Benito tiene 85 años. Todas las mañanas, afuera de una carnicería de la barriada habanera de la Víbora, con uno de sus ‘ekobios’ (socios en la secta) se sienta a charlar de béisbol, religión y política.
Es un negro alto, severo y repleto de achaques. Desde hace 63 años forma parte de un plante abakuá llamado ‘Enmaranñuao’. Es Plaza y Mokongo de su juego. Como en todo plante abakuá, sólo se aceptan hombres.
“Para ser un individuo digno no hace falta ser abakuá, pero para ser abakuá es imprescindible ser un hombre recto. Es la regla de oro de la secta, cualquiera que sea el sello o plante”, señala en una tarde fría y gris mientras fuma un tabaco de etiqueta.
La secta de los abakuá nació a finales del siglo 19 en La Habana. Los antecedentes se remontan a sociedades secretas en la región nigeriana de Calabar. Existen 43 plantes. Solamente en la capital y en la provincia de Matanzas se practica el culto.
Cada plante tiene su sello que es la representación o juego del culto. Hay más de 120 juegos. En sus inicios, estaban conformados por negros esclavos africanos o sus descendientes que habían sido liberados a partir de 1886, cuando se abolió la esclavitud en Cuba.
Luego no. A principios del siglo XX se fundó la primera sociedad abakuá con hombres de la raza blanca. Alberto Yarini, famoso chulo habanero del barrio San Isidro, era blanco y un abakuá respetado.
Yarini, una leyenda llevada al cine, fue acuchillado por asunto de mujeres a manos de un proxeneta francés. Después, y acorde a la multicolor sociedad cubana, la religión abakuá se convirtió en un abanico étnico.
Aunque de manera esporádica otros plantes aceptaban personas blancas, hasta 1959 sus miembros eran negros y mestizos. Gente sencilla que laboraba como estibadores en el puerto habanero o en otras faenas duras. También hubo abakuás entre artistas y músicos, como el percusionista Chano Pozo, quien solía tocar ritmos abakuás y yorubás. Chano fue encontrado muerto en una calle de Nueva York en 1948.
El padre de Benito era un abakuá de calibre. Él le enseñó el respeto al prójimo, a la familia y a las mujeres ajenas. “En estos tiempos tempestuosos, una parte de la Sociedad Secreta Abakuá se ha desvirtuado”.

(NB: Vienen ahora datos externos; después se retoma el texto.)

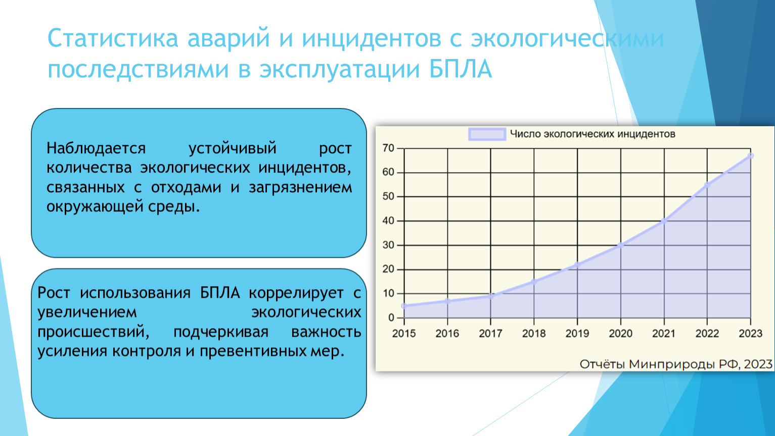 Рост использования БПЛА коррелирует с увеличением экологических происшествий, подчеркивая важность усиления контроля и превентивных мер.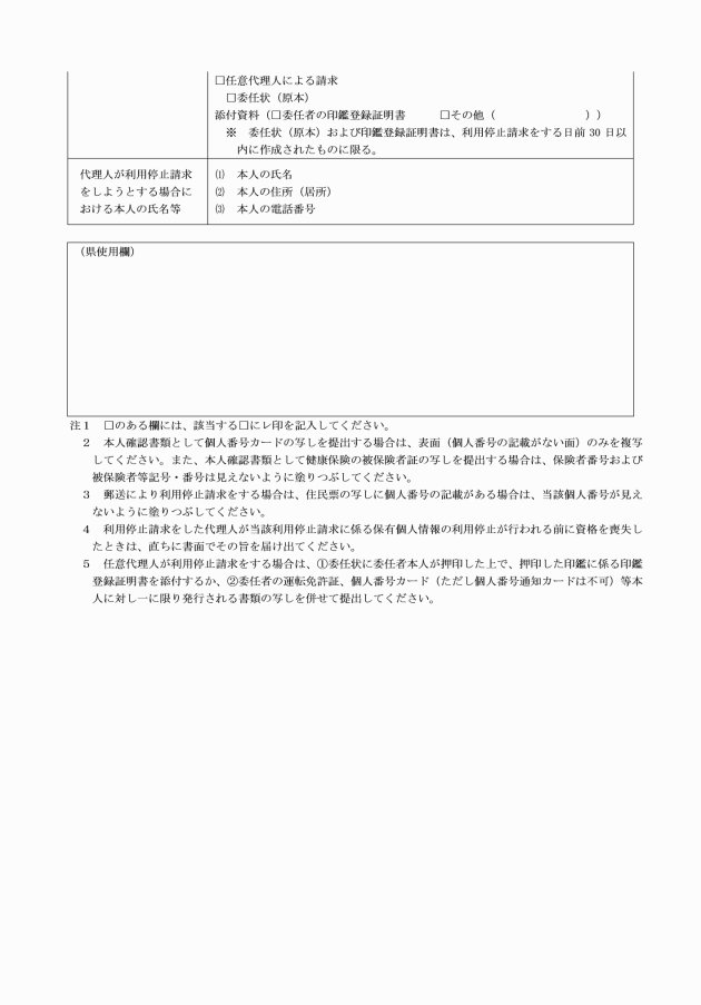 (利用停止請求書)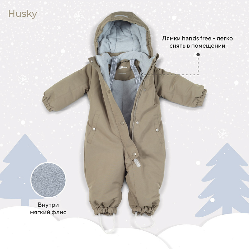 Зимний детский комбинезон RANT HUSKY NEW подарит малышу особенную радость от зимних прогулок. Модель покорит вас: лямками hands free, трендовыми лаконичными расцветками, комфортным лекалом, мембранной влагонепроницаемой тканью, внушительным слоем современного утеплителя, тщательно продуманными деталями кроя.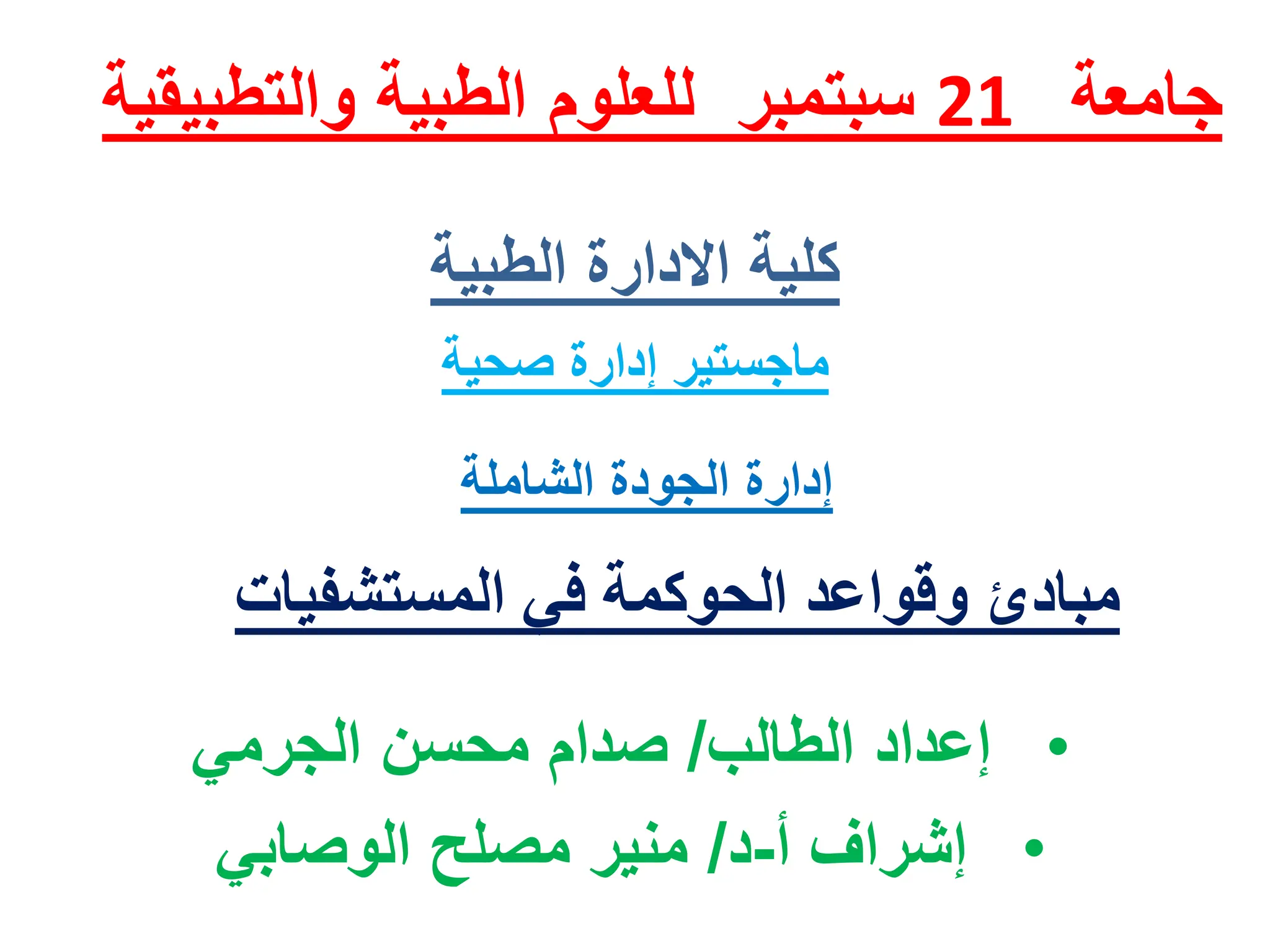 يتناول المستند مفهوم الحوكمة في إدارات المستشفيات وأهم مبادئها كالإستراتيجية الواضحة، الشفافية، والعدالة. يبرز أهمية تعزيز الثقة والمصداقية في بيئة العمل، ويدعو إلى تحسن الأداء المؤسسي من خلال المشاركة وتوفير المعلومات. يُشير أيضًا إلى التحديات التي قد تواجه تطبيق الحوكمة الرشيدة ويقترح استراتيجيات لتعزيز المساءلة والشفافية.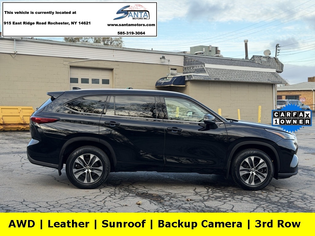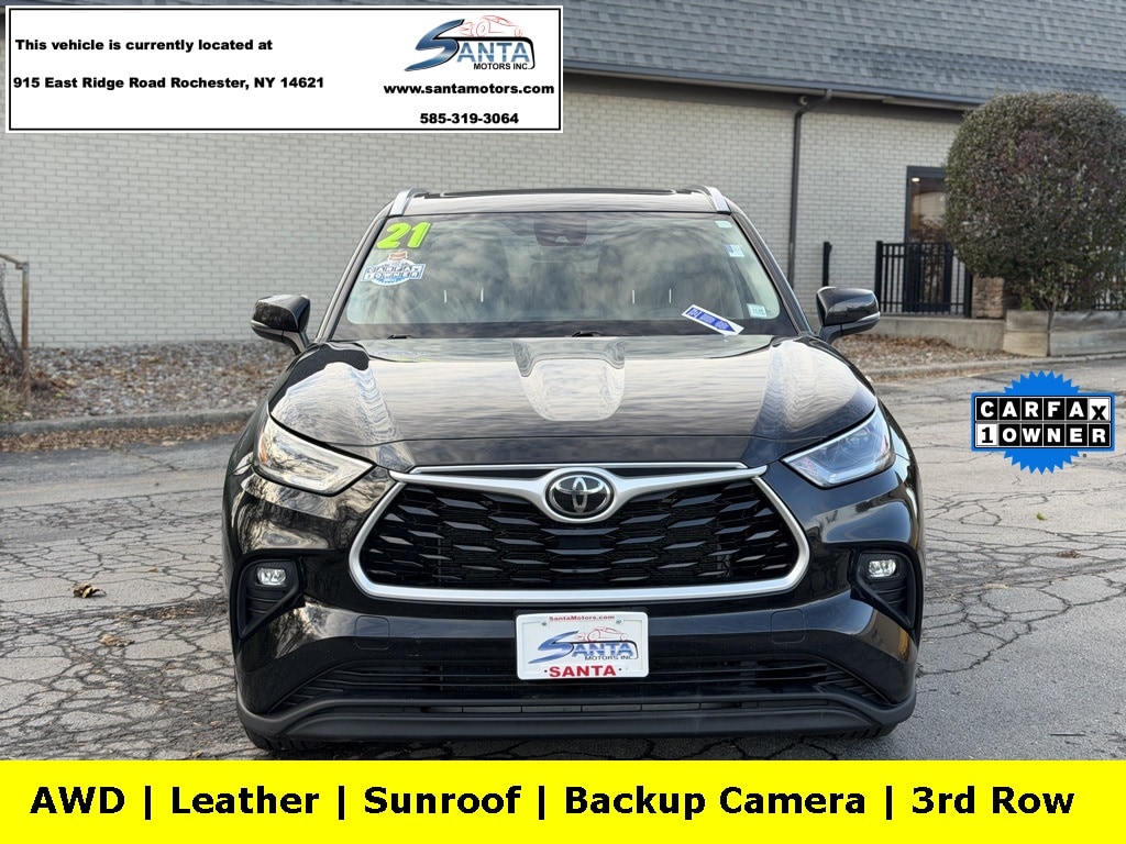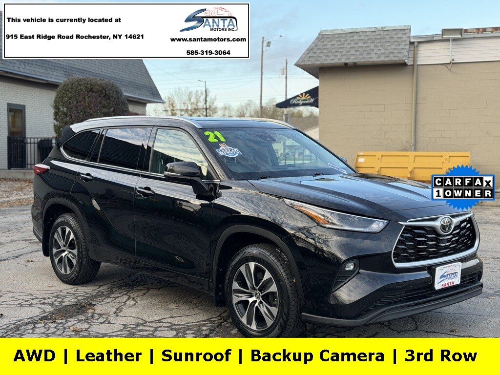 AWD, 18" Machined Alloy Wheels, 3.003 Axle Ratio, 3rd row seats: split-bench, 4-Wheel Disc Brakes, 6 Speakers, ABS brakes, Air Conditioning, Alloy wheels, AM/FM radio: SiriusXM, Apple CarPlay/Android Auto, Auto High-beam Headlights, Auto-dimming Rear-View mirror, Automatic temperature control, Brake assist, Bumpers: body-color, Delay-off headlights, Driver door bin, Driver vanity mirror, Dual front impact airbags, Dual front side impact airbags, Electronic Stability Control, Emergency communication system: Safety Connect with 1-year trial, Exterior Parking Camera Rear, Four wheel independent suspension, Front anti-roll bar, Front Bucket Seats, Front Center Armrest, Front dual zone A/C, Front fog lights, Front reading lights, Fully automatic headlights, Garage door transmitter: HomeLink, Heated door mirrors, Heated Front Bucket Seats, Heated front seats, Illuminated entry, Knee airbag, Leather Shift Knob, Low tire pressure warning, Occupant sensing airbag, Outside temperature display, Overhead airbag, Overhead console, Panic alarm, Passenger door bin, Passenger vanity mirror, Power door mirrors, Power driver seat, Power Liftgate, Power moonroof, Power passenger seat, Power steering, Power windows, Radio: Audio Plus, Rear air conditioning, Rear anti-roll bar, Rear reading lights, Rear window defroster, Rear window wiper, Reclining 3rd row seat, Remote keyless entry, Roof rack: rails only, Security system, SofTex Seat Trim, Speed control, Speed-sensing steering, Split folding rear seat, Spoiler, Steering wheel mounted audio controls, Tachometer, Telescoping steering wheel, Tilt steering wheel, Traction control, Trip computer, Turn signal indicator mirrors, Variably intermittent wipers, AWD. Black 2021 Toyota Highlander XLE AWD 8-Speed Automatic 3.5L V6 DOHC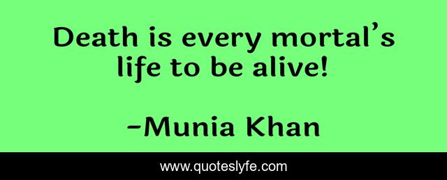 This page presents the quote "Death is every mortal’s life to be alive!". Author of this quote is Munia Khan. This quote is about death, live-life, mortals, alive, stay, live, mortal, mortality,.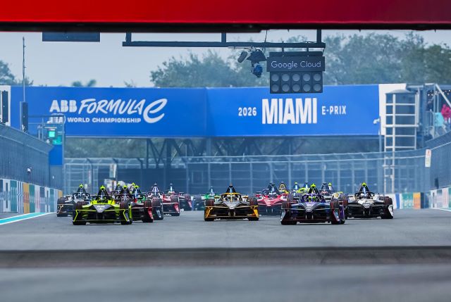 Con condiciones húmedas en Miami y sin rodaje previo en pista mojada, la carrera se puso en marcha detrás del Auto de Seguridad. El pelotón se reagrupó tras cinco vueltas de neutralización para una arrancada normal, con los líderes peleando por posición en la curva 1. como se aprecia en la secuencia de nuestro enviado:

“También el dinero es un elemento de peso. Tipos con mucha plata pagan para entrar a un plante. En el bajo mundo habanero, ser abakuá se ha convertido en sinónimo de hombre duro. Hay una legión de delincuentes peligrosos que son abakuás. En mi tiempo no era así”.
El viejo ‘ñáñigo’ se estira en su taburete de roble y rememora el pasado. “La buena conducta en la Sociedad era una norma. Sólo si el delito cometido era por cuestiones de honor, se aceptaba a personas que habían estado en la cárcel. Éste es un culto de valores, viril, pero que no está en guerra, ni se contradice con el respeto a las leyes y a quienes conviven con uno”.
Ahora todo es distinto, afirma. “Ya hasta en las cárceles hay plantes. Los templos parecen fiestas públicas. Asiste cualquiera. Es horroroso. Tipos que han apuñaleado a una anciana, desvalijado una casa o golpeado a mujeres, se creen con derecho a convertirse en abakuá”.
En los primeros años de revolución, la policía miraba con recelo y respeto a las sectas abakuá. “Ha habido sus tropiezos. Pero las autoridades no han tratado de entorpecer nuestras reuniones. Ha sido un trato distante, pero correcto”, acota este hombre con 63 años de pertenencia a una secta abakuá.
Otros seguidores de religiones afrocubanas concuerdan con él. Si hombres rectos y de honor no intentan darle un vuelco, la tradición abakuá, tan enraizada en la sociedad cubana, pudiera convertirse en un tinglado de maleantes de la peor catadura. “De hecho, ya lo es”, confiesa Benito.